The rigidity that has settled in my bones and head over the last year seems to thaw a bit. Yet with the thaw comes an army of questions from some unused corner of my brain. What about John? Will you tell him about this little excursion, this man you are hugging? What happens when you get back, when you have to start work, when you can no longer escape the world? I lift my head and let the wind snarl my hair around my face, trying to forget these questions, the ones with rifles in hand that are waiting to fire holes in my flimsy curtain of contentment.

It pisses me off that my good feelings are so fleeting, so damned hard to hold on to. Like so many of the other uncontrollable parts of my life, I have little mastery over my emotions. Lately, it’s been even worse than usual. I’ll find myself in a situation where I should be ecstatically happy—my law school graduation, for example—and yet, inexplicably, I can’t match my mood to the circumstances.

My parents threw a party for me after the ceremony at the apartment of one of their friends, a place with a rooftop deck and a view of Wrigley Field. My family was there—my little brother, Danny, who as a college sophomore is not so little anymore, and a handful of cousins and aunts and uncles. Kat and Sin were there for a while, too, spending most of their time fending off Danny and one of his friends, both of whom had made too many visits to the beer cooler. I was touched that my girlfriends had made it, especially Kat, who normally worked Sundays.

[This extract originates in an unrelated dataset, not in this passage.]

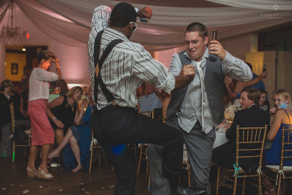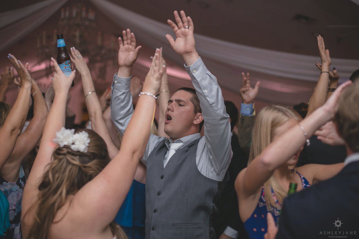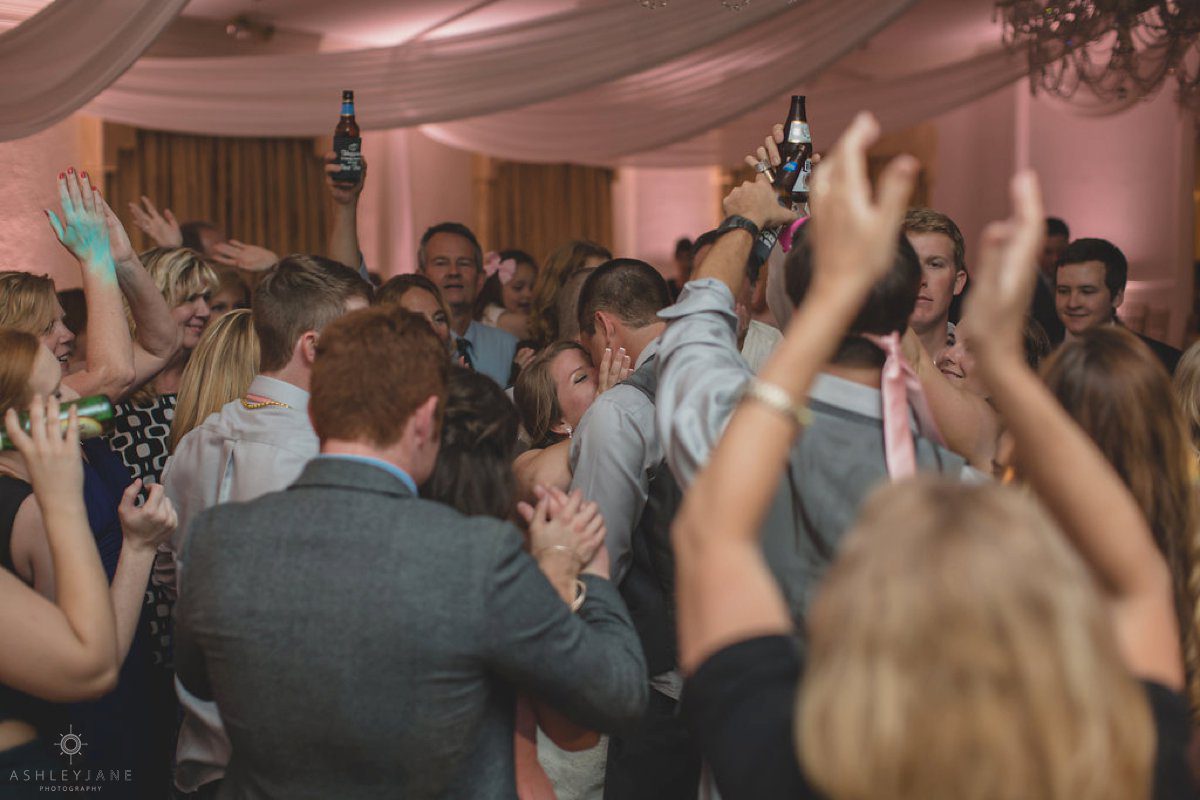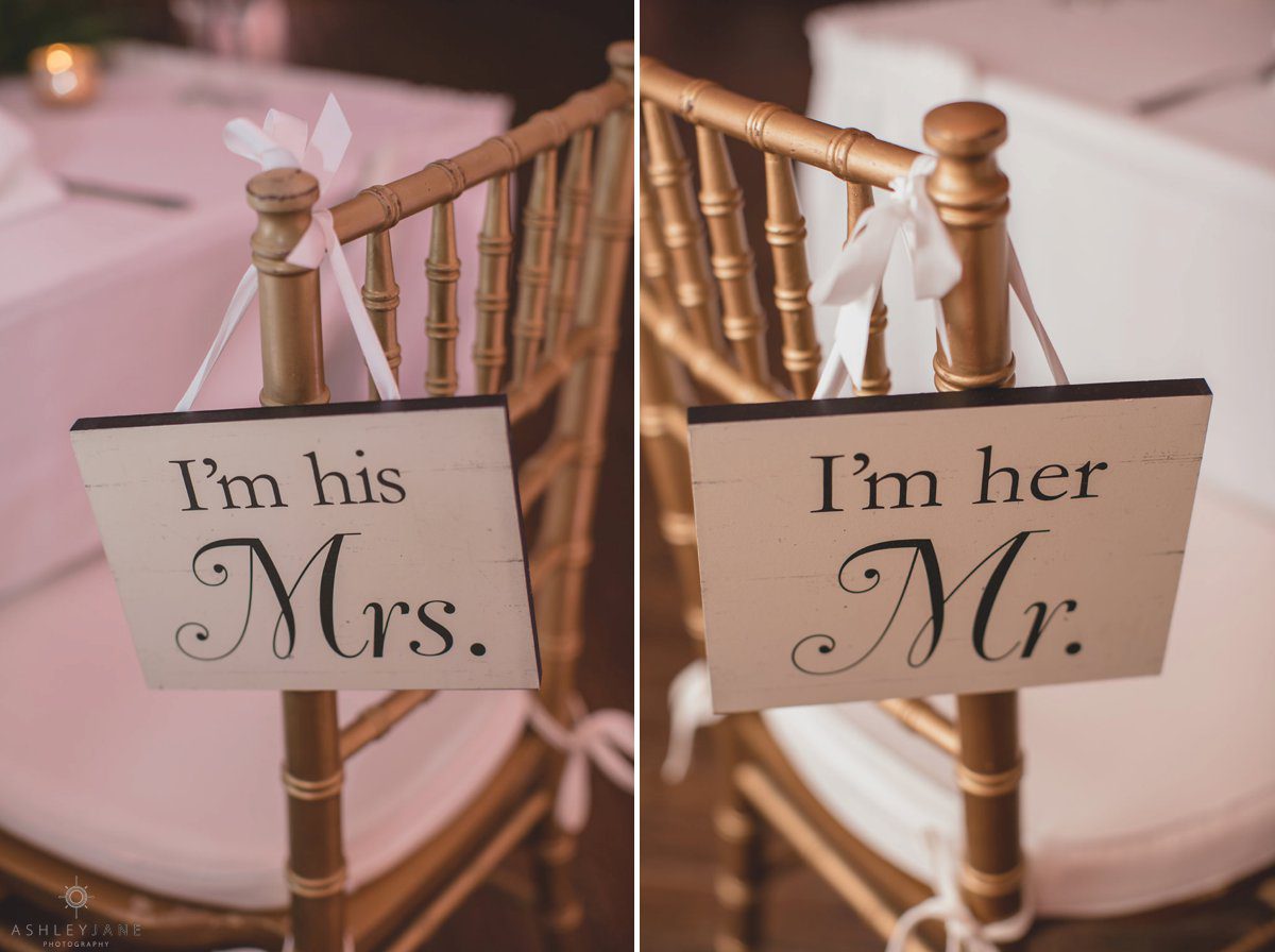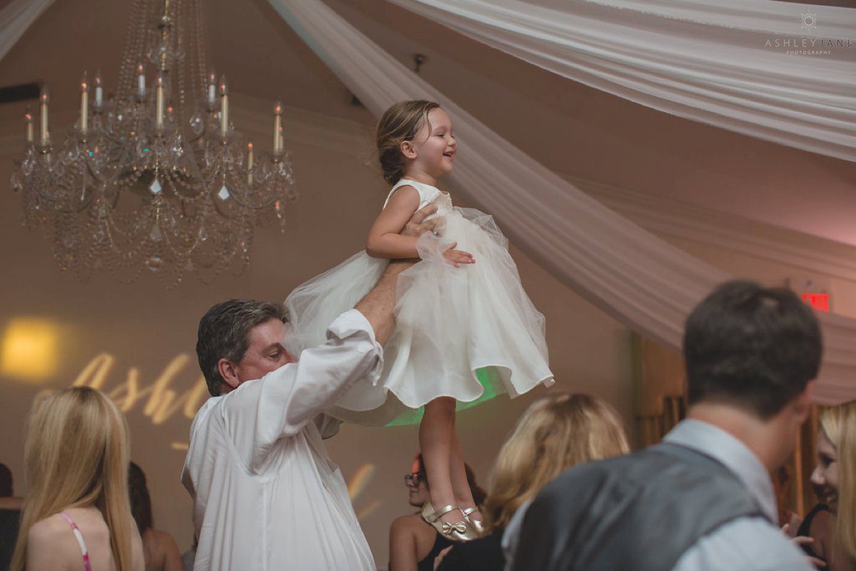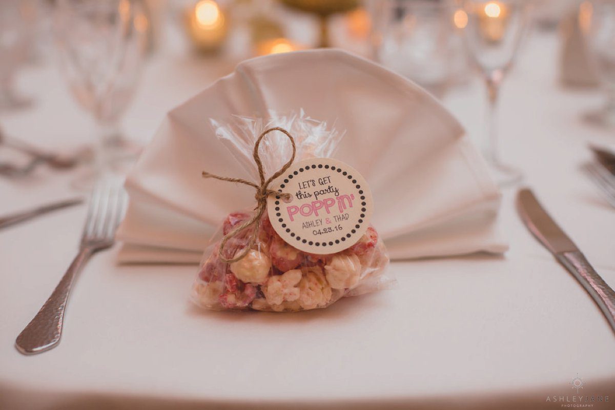 Their reception, held in the Crystal Ballroom at Highland Manor, was decorated with a soft, romantic feel. Her colors of pink, ivory, shimmery gold, and charcoal grey are seen in the floral arrangements, candles, the cake and party favors. For a personal touch, Thad and Ashley had photographs of themselves on each table indicating the table number. After a night filled with dancing, they made their exit with family and friends sending them away in a cloud of bubbles. Apollo’s Chariots Inc was waiting with a limo to take them away.

The sun was out. There was a game at Wrigley, so we could hear occasional surges in the noise of the crowd. It was hypothetically perfect, but the tension between my parents was thick as they circled the party like planets at opposite ends of the solar system. John hadn’t shown up yet. He’d already missed the graduation ceremony because of some technology merger he was working on, yet he’d assured me over the phone that he’d be there for the party. “Right there at your side,” was how he put it. But he wasn’t. As the party swirled around me, I felt incredibly alone. I drank more champagne, but couldn’t get a buzz. I tried listening to my uncle’s advice about office politics, but it just depressed me further. I wanted nothing more than to flee. Instead, I resigned myself to sitting at a table piled with gifts and plates of food.

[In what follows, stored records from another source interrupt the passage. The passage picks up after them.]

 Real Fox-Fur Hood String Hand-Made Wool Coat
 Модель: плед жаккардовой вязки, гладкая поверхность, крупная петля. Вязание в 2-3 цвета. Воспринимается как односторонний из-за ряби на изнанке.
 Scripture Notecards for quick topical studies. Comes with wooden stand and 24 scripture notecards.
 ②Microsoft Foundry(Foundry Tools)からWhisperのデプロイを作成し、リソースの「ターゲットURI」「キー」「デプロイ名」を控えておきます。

“We are almost there,” Francesco says now, as he slows for a stop sign. He throws me a smile over his shoulder, and I notice how white his teeth are against the improbable pink of his lips.

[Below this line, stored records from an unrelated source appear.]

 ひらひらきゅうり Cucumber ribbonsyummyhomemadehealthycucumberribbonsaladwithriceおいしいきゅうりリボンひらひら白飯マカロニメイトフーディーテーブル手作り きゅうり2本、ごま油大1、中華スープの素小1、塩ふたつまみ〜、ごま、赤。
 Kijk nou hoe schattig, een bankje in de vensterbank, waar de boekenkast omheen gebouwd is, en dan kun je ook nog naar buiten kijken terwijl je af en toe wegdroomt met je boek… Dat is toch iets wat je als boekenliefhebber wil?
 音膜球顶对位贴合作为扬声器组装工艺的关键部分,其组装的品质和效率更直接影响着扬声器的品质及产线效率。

“Great,” I say, pushing away all the memories and squeezing him tighter because I’ve suddenly discovered a day, or at least a night, that I want to stick around for.


I feel a flash of wariness as we slow down again and pull into the circular drive surrounding the Colosseum. The actual Colosseum. This massive, ancient auditorium, a popular tourist destination by day, is now completely deserted and locked up for the night.

Gravel crunches as Francesco maneuvers around the back of the place. He stops, and an eerie quiet descends as the chugging of the bike dies. The only sounds I hear are the revs of the spitfire Italian cars hundreds of yards away. Francesco busies himself, gathering random items from the basket on the front of his scooter. I see a blanket, the wine and bread he recently purchased, another bag.

“Come,” he says, gesturing.

“Come where?” A nervous giggle escapes my mouth.

“Come,” he repeats with a grin. He turns away, walking with his arms full.

“Francesco,” I call after him. “What are we doing?”

He gives me an exasperated look. “We are having a picnic,” he says, as if this were the most normal thing in the world.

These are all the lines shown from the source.